Двойная жизнь. Глава 6

   Однажды зимою (помнится, незадолго до рождества) Бессовестнов нагрянул ко мне в гости. После обеда, неплохого, но скучного (вопиюще трезвого) для его желудка, сидел на диване, слушал посвисты вьюги за окнами и поминутно и утомлённо зевал. Желая развеять его меланхолическое настроение, я спросил, не подумывает ли он жениться, хотя бы ради продолжения своей именитой фамилии. Он взглянул исподлобья быстро, испытующе, затем вдруг снял с шеи золотой медальон, открыл и, ни слова не говоря, передал мне.
   Я всегда воспринимал медальон приятеля как безделушку, не раз говорил, что, наверное, не одни лишь амурные воспоминания заставляют его носить на шее неудачу безвестного ювелира, предполагал хранение под обсеянной мелкими бриллиантами крышкой, кроме прядки волос, засушенного цветка ромашки и прочих милых штучек, хранимых на память о ветреной юности, пары погашенных векселей или долговую расписку. Евграф Иринархович никогда не возражал, не отшучивался и ловко уводил разговор в сторону. Поэтому его внезапное желание (но, как мне показалось, вовсе не под влиянием душевного минутного порыва) раскрыть тайну медальона поразило меня чрезвычайно. 
   Я взял его, взглянул, – признаюсь, не без трепета – и увидел миниатюрный портрет.
   На меня смотрела настоящая красавица в простом белом платье с рюшами (таковые до сего времени носит ржаная, творожная да яблоневая провинция). Лицо её, округлое, нежное, окутанное романтическою дымкою, дышало подлинным женским благородством, ныне, во второй половине девятнадцатого века, прекрасной, но – увы! – прагматичной половиной человечества почти что утраченном; каштановые волосы свободно вились над высоким лбом и ниспадали на плечи; полные губы улыбались тихой, затаённой, отчего-то печальной улыбкой; яркий румянец цвёл на щеках, разливался по лицу и придавал коже чудесный персиковый оттенок; миндалевидные глаза цвета голубовато-зелёной бирюзы, оттенённые густыми ресницами, смотрели и приветливо, и мечтательно, и грустно, и чуть отстранённо, словно издалека.
   Портрет произвёл на меня впечатление двойственное: солнечного майского полудня и в то же время сумрачного сентябрьского утра; похожее чувство иногда возникает, когда в погожий безветренный день наблюдаешь где-нибудь в лесу или парке дремотную листопадную опадь.
   – Это она? – спросил я, возвращая медальон (приятель молча кивнул), хотя зачем было и спрашивать, ежели и так ясно, что это изображение жены Евграфа Иринарховича: в его доме не было ни одного женского портрета, и никто, даже самые близкие его товарищи, вроде меня, не знали, как выглядела его жена, и только её лик он мог носить на груди.
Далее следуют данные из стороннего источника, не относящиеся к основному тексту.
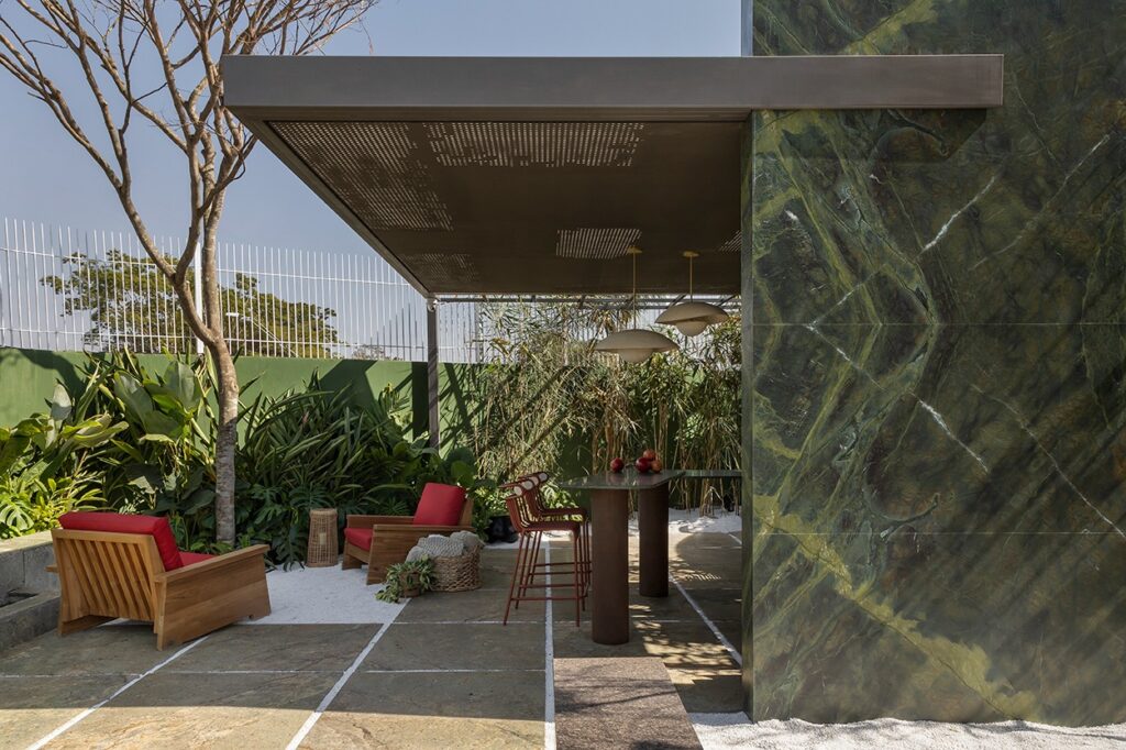Espaço “Entre encontros por Necta”, de Rafael Granero, conta com um jardim elaborado pela paisagista Mônica Costa – Foto: Carolina Mossin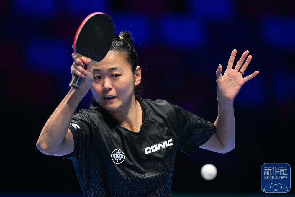 ↑加拿大选手张默在女子单打小组赛中回球。最终,她2比3不敌日本选手伊藤美诚。
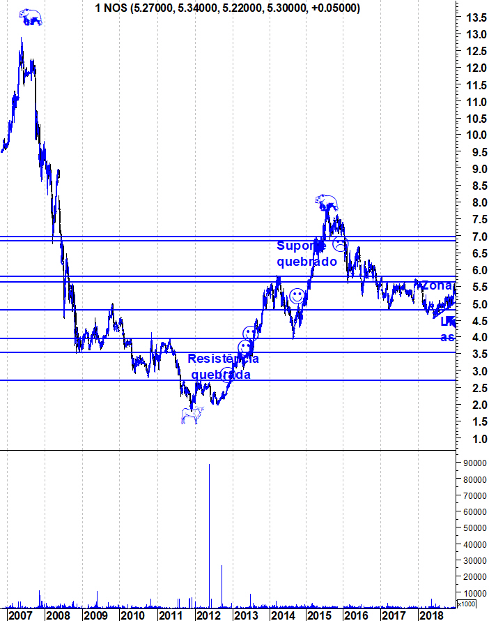 Deixo os gráficos actualizados da Nos, onde os touros têm controlado a acção nos últimos 6 meses, contrariando a fraqueza geral do mercado.

Признаться, такая преданность, присущая, по моему убеждению, лишь настоящей любви, меня изумила, и я вдруг внезапно понял причину безудержных попоек в его доме, и почему вино его не брало: даже оно не могло заглушить непреходящую тоску по жене.
   – Отчего она... умерла? – набравшись духу, снова спросил я.
   – Скоротечная чахотка. Она узнала, что обречена и попросила меня заказать портрет на память, – после продолжительного молчания ответил приятель, глядя в окно с тоскою в глазах и голосе, тоскою пронзительной, в сравнении с которой морозные узоры на стёклах показались мне весенней травою.
   Разумеется, тем вечером я уже не решился ни о чём его спрашивать, тем более о женитьбе, да и приятель вдруг засобирался к себе в Золотые Сосны, хотя прежде согласился у меня переночевать. Конечно же, я его не удерживал.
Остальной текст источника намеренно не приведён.